What we’re trying to do as a whole with the Kennedy Center jazz program is to fight the idea that jazz is dead,” Dr. Billy Taylor informed a pre-concert crowd at the Living Jazz Legends gala, held March 5 at Washington D.C.’s Kennedy Center. “People keep coming up with that, saying, ‘Man, we’ve got all these old guys playing jazz and jazz is dead, everybody that’s playing jazz is either dead or dying.’ What these kids are playing now, and the kind of camaraderie we have…it’s very exciting.”
The concert, along with the “Jazz in Our Time” festivities it kicked off, was a fitting celebration of what has been an impressive 13 years of jazz programming at this American cultural institution. It was 1994 when Dr. Taylor, apropos of his status as a DC-bred jazz master and a distinguished jazz spokesperson, was appointed the Center’s artistic advisor for jazz. This gala evening was planned by Taylor, Kennedy Center president Michael Kaiser and KC manager of jazz programming Kevin Struthers.
“For years Billy and I discussed that too often, pioneer jazz musicians of his generation are recognized publicly only after they’re gone,” Struthers remarked recently. “Michael had been thinking about how the Center might appropriately acknowledge artists of different genres that fit with the Kennedy Center’s role as the national cultural center … Each of the seven nights following [the opening-night gala concert, we had] several of the Legends performing as well: Ahmad Jamal with Jimmy Heath and Frank Wess; Paquito D’Rivera and Clark Terry; Benny Golson and Curtis Fuller…”
Ill health prohibited honoree Hank Jones from performing his concert with Paquito D’Rivera and Roberta Gambarini, but Mulgrew Miller was a sturdy replacement. Marian McPartland’s 89th Birthday Celebration was a live taping of her venerable NPR series, Piano Jazz, with guest Billy Taylor reminiscing and swinging. Additionally, the Kennedy Center’s free daily programs on their grand lobby Millennium Stage celebrated jazz from ragtime to Christian McBride’s turntablist-imbued modernity.
The pre-concert reception was a joyous celebration in the Kennedy Center Jazz Club space. Peering around the room, there was Jimmy Heath looming over a table with Al Jarreau; or Freddie Hubbard, Ahmad Jamal, Paquito D’Rivera and Donald Byrd regaling them with tales of Dizzy, while at the next table, George Russell and cohort David Baker caught up; across the room West Coasters Gerald Wilson and Chico Hamilton waxed rhapsodic and next door Billy Taylor and Louie Bellson reminisced on Duke; at the front of the room Jon Hendricks and Clark Terry were hooting it up, while Ornette sat quietly in a corner chatting. As Hamilton remarked, “Most of the guys in this room came up with the people who actually invented this music!”
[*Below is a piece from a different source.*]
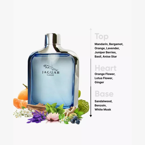 Jaguar Classic Eau de Toilette is crafted for the modern man who values style, confidence and timeless elegance. The fragrance opens with vibrant waves of mandarin, bergamot, orange, basil and star anise, lending bright, fresh energy at first spray.
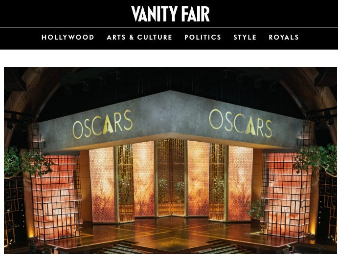 Vanity Fair has shared a sneak peek at the stage design for Sunday evening’s Oscars, revealing a stage featuring “scattered trees and a more organic feel to create a calming space in a chaotic world.”

The concert kicked off with the ebullient Clayton Brothers quintet, trumpeter Terell Stafford shooting fireworks and Jeff Clayton blissfully channeling Cannonball Adderley’s spirit in his own fashion. They were succeeded onstage by the evening’s all-star quintet: Regina Carter, Cyrus Chestnut, Jon Faddis, T.S. Monk and John Clayton. Dr. Taylor and Jon Hendricks teamed up for “Easy Walker,” followed by a Jazztet reunion where Benny Golson and Curtis Fuller invoking Ellington with “A Train.” One of the evening’s heartiest ovations was elicited by Brubeck and Wynton Marsalis rendering a puckish “These Foolish Things.”
It was fitting that the erudite catalyst Dr. Taylor then joined his 34 peer Legends for a grand fete in the glittery Concert Hall. Ranging alphabetically from Toshiko Akiyoshi to Phil Woods, stylistically from Gerald Wilson and Dave Brubeck to Ornette Coleman and George Russell, much of jazz music’s royalty spanned the stage in a grand processional after the concert’s intermission, each festooned with scarlet-ribboned gold medals, a la the Kennedy Center Honors. Having the Legends receive their medals onstage would have enhanced the thrill.
The second half of the well-paced evening belonged to the Clayton-Hamilton Jazz Orchestra, first conducted by honoree Michel Legrand. John Clayton then assumed his regular role to conduct “Old Folks” and “Day In, Day Out” for some joyous Nancy Wilson vocal business. Frank Wess, James Moody, Jimmy Heath and Phil Woods offered bop of the highest order with the CHJO, and the evening closed with a heartfelt rendition of Billy Taylor’s enduring anthem “I Wish I Knew How It Would Feel to Be Free,” with the CHJO, the Morgan State University Choir, Nancy Wilson, Jon Faddis and Regina Carter. The proceedings were emceed by the usually stentorian but on this night oddly irresolute James Earl Jones-a minor glitch in an otherwise stellar evening.